Problem
Across the records, how many lines contain "gold"? Answer with the number alone.
Segment Start: Given records
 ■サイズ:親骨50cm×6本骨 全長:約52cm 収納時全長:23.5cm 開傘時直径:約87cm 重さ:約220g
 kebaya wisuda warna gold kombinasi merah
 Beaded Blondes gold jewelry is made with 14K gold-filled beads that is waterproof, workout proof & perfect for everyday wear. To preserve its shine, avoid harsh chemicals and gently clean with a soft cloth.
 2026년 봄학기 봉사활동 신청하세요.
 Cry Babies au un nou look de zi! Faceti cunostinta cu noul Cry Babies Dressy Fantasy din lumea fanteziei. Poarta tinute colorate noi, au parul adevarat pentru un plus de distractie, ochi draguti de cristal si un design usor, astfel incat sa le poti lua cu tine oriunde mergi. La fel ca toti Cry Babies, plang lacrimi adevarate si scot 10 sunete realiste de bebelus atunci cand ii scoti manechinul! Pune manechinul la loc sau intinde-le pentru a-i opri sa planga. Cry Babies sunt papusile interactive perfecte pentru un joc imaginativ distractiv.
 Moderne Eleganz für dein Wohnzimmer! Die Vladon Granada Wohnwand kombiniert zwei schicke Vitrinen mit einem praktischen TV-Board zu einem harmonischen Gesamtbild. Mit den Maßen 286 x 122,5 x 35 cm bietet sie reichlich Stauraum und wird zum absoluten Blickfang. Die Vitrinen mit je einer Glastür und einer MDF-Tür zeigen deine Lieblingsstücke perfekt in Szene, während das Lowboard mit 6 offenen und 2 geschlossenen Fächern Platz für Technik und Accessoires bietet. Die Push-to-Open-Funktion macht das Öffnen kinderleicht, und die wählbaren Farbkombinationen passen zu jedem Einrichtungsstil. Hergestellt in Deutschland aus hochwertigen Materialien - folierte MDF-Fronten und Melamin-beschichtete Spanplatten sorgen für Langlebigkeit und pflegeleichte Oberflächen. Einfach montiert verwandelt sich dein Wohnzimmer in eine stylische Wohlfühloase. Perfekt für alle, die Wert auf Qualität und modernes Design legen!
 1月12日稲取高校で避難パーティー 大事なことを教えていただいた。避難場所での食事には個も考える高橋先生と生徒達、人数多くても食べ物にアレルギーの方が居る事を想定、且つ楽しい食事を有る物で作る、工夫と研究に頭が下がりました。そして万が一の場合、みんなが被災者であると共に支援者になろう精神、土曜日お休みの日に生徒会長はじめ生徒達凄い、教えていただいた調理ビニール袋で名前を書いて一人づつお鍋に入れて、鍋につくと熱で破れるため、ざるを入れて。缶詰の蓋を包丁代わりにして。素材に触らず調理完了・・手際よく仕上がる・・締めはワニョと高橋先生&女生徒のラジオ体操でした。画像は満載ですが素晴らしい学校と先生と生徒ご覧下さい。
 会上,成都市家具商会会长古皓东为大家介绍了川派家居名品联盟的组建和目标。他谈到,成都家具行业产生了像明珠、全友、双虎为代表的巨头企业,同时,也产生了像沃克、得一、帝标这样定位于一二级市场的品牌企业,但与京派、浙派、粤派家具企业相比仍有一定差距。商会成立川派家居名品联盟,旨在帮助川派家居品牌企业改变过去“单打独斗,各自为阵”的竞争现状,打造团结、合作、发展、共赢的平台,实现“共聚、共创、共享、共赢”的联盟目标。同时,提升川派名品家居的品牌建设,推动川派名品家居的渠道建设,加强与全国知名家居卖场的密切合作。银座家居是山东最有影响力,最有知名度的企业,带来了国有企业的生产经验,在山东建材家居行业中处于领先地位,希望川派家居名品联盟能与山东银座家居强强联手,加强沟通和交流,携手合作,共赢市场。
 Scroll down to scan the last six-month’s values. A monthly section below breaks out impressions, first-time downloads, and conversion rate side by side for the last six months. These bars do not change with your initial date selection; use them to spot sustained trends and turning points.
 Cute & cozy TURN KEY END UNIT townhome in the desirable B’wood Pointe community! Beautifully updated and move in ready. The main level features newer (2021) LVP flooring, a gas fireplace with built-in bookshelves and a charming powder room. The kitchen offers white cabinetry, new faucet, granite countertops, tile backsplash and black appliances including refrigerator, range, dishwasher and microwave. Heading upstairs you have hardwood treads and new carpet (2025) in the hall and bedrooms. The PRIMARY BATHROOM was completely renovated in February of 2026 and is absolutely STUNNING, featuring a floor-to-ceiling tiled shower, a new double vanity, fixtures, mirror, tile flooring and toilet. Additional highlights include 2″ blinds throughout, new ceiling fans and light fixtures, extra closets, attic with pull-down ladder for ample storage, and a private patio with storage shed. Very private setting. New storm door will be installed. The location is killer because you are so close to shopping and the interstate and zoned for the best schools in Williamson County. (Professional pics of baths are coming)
Segment End: Given records
Exercise output
2